### Extracted records
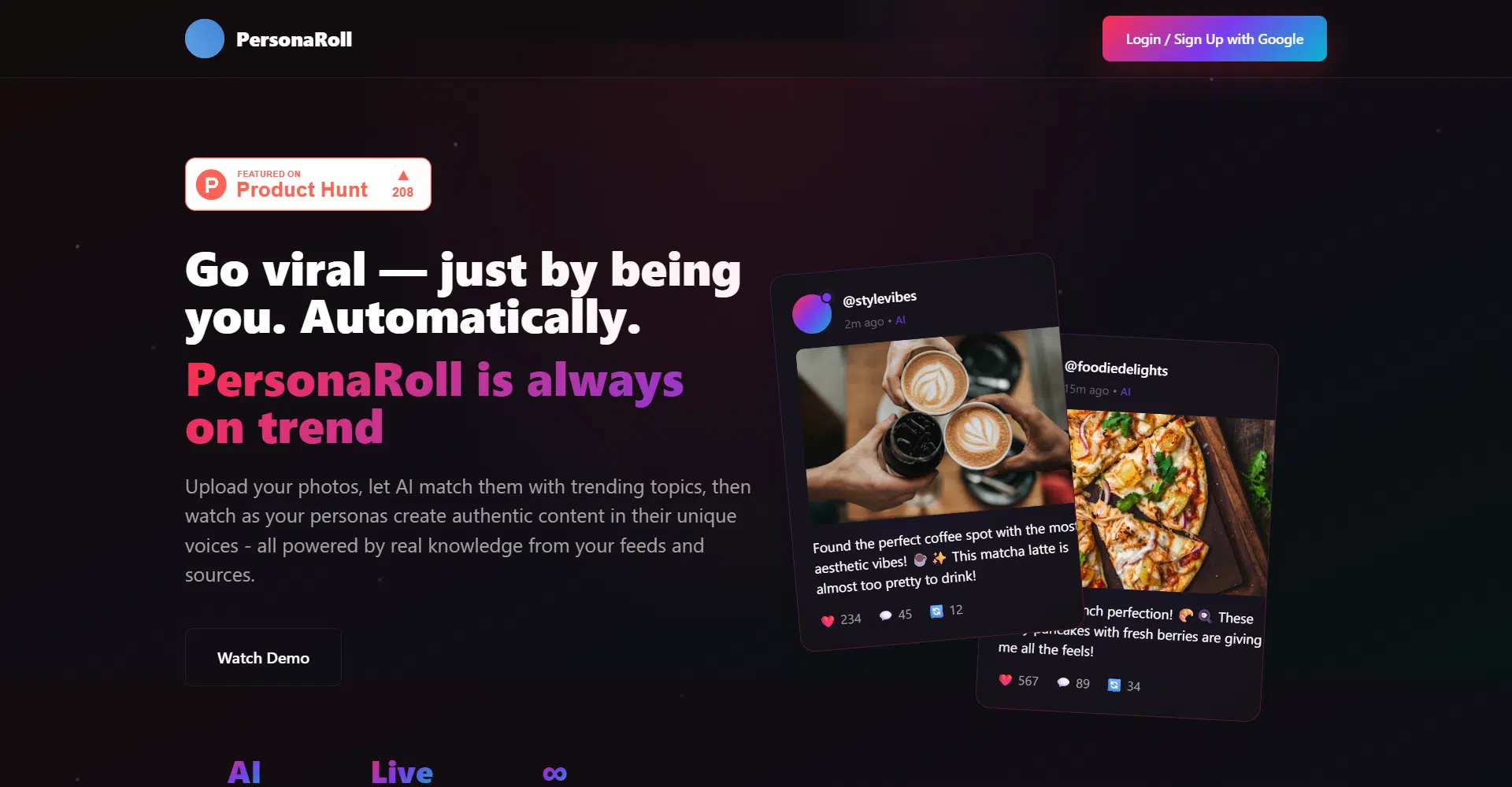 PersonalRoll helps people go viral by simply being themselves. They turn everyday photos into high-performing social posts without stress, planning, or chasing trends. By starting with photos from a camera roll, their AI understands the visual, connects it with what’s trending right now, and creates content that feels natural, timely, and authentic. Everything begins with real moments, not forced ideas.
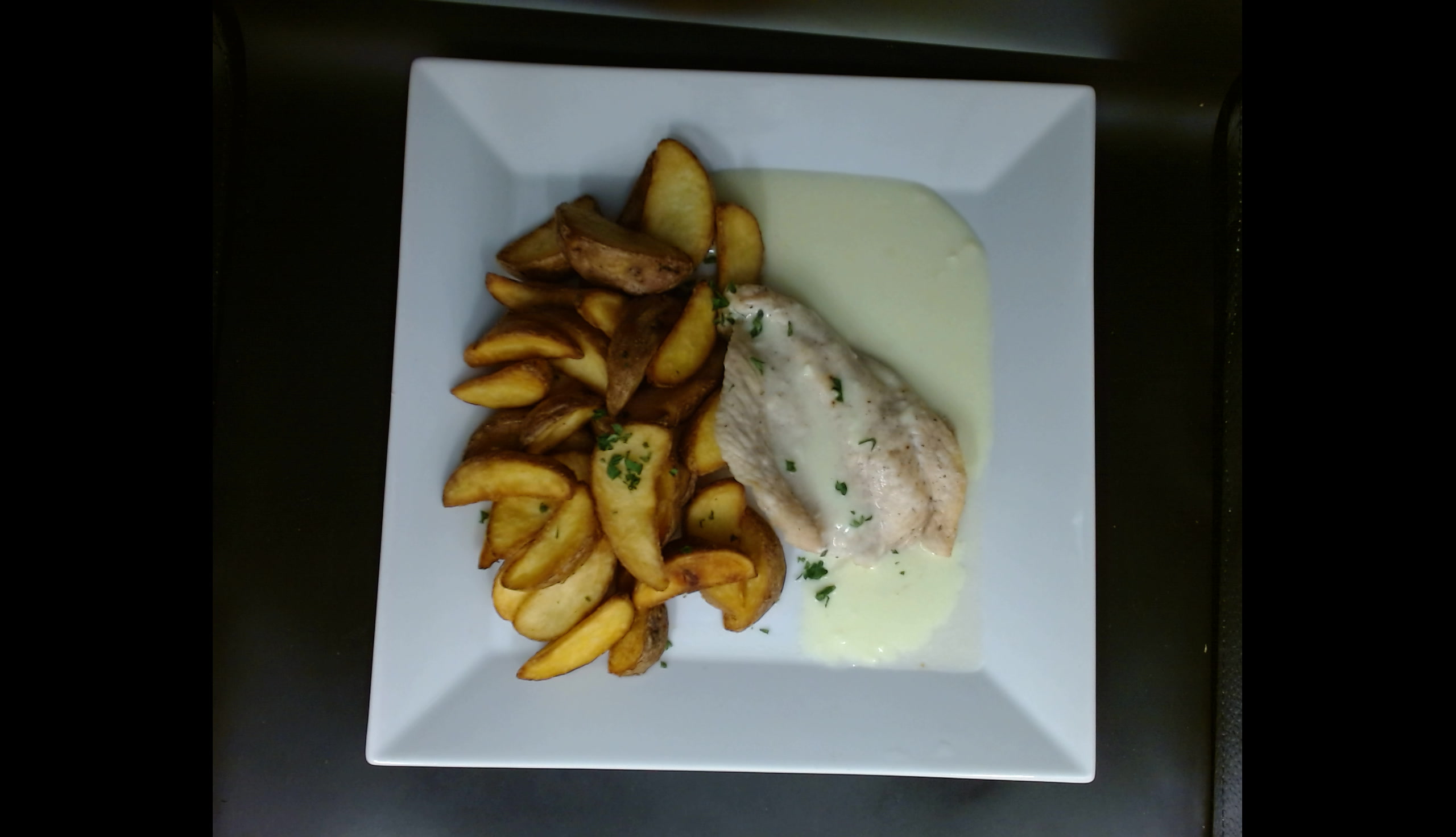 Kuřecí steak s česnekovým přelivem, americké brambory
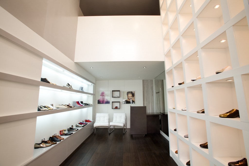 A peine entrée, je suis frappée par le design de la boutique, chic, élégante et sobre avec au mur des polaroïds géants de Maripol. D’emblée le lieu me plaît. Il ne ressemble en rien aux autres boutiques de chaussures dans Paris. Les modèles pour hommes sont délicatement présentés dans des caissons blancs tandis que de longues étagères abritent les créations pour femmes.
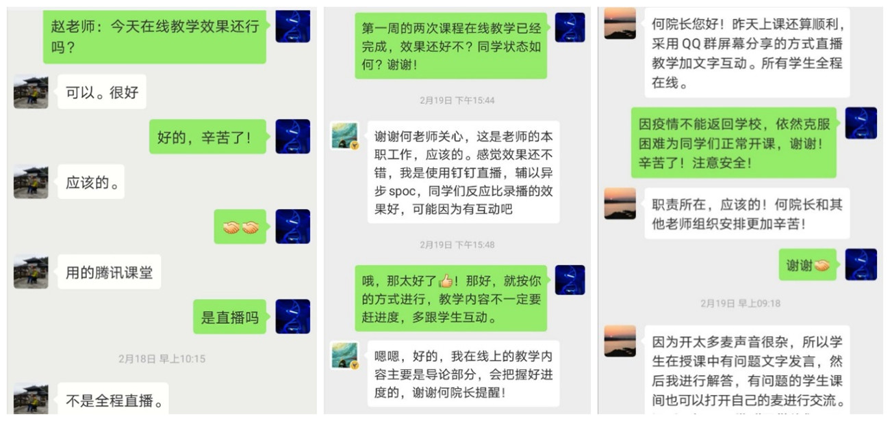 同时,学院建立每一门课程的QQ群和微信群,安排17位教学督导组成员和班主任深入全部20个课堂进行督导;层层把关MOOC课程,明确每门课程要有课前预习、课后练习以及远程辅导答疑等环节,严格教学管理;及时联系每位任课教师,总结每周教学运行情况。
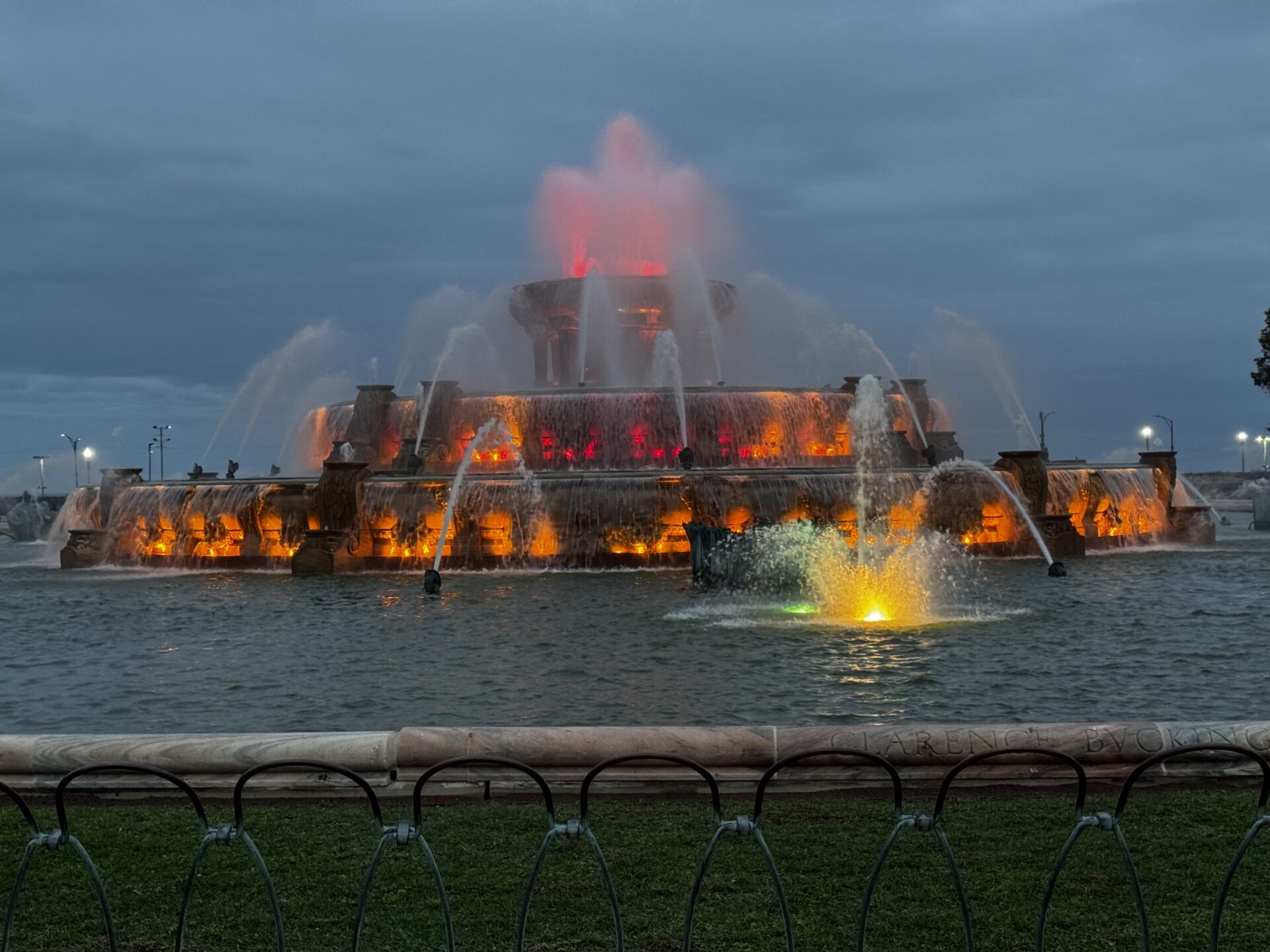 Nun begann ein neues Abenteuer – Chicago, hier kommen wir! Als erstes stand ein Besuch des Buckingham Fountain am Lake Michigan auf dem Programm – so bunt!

### Required action
If pictures appear in the data, omit them and copy all other parts exactly.

### Output for this task
 PersonalRoll helps people go viral by simply being themselves. They turn everyday photos into high-performing social posts without stress, planning, or chasing trends. By starting with photos from a camera roll, their AI understands the visual, connects it with what’s trending right now, and creates content that feels natural, timely, and authentic. Everything begins with real moments, not forced ideas.
 Kuřecí steak s česnekovým přelivem, americké brambory
 A peine entrée, je suis frappée par le design de la boutique, chic, élégante et sobre avec au mur des polaroïds géants de Maripol. D’emblée le lieu me plaît. Il ne ressemble en rien aux autres boutiques de chaussures dans Paris. Les modèles pour hommes sont délicatement présentés dans des caissons blancs tandis que de longues étagères abritent les créations pour femmes.
 同时,学院建立每一门课程的QQ群和微信群,安排17位教学督导组成员和班主任深入全部20个课堂进行督导;层层把关MOOC课程,明确每门课程要有课前预习、课后练习以及远程辅导答疑等环节,严格教学管理;及时联系每位任课教师,总结每周教学运行情况。
 Nun begann ein neues Abenteuer – Chicago, hier kommen wir! Als erstes stand ein Besuch des Buckingham Fountain am Lake Michigan auf dem Programm – so bunt!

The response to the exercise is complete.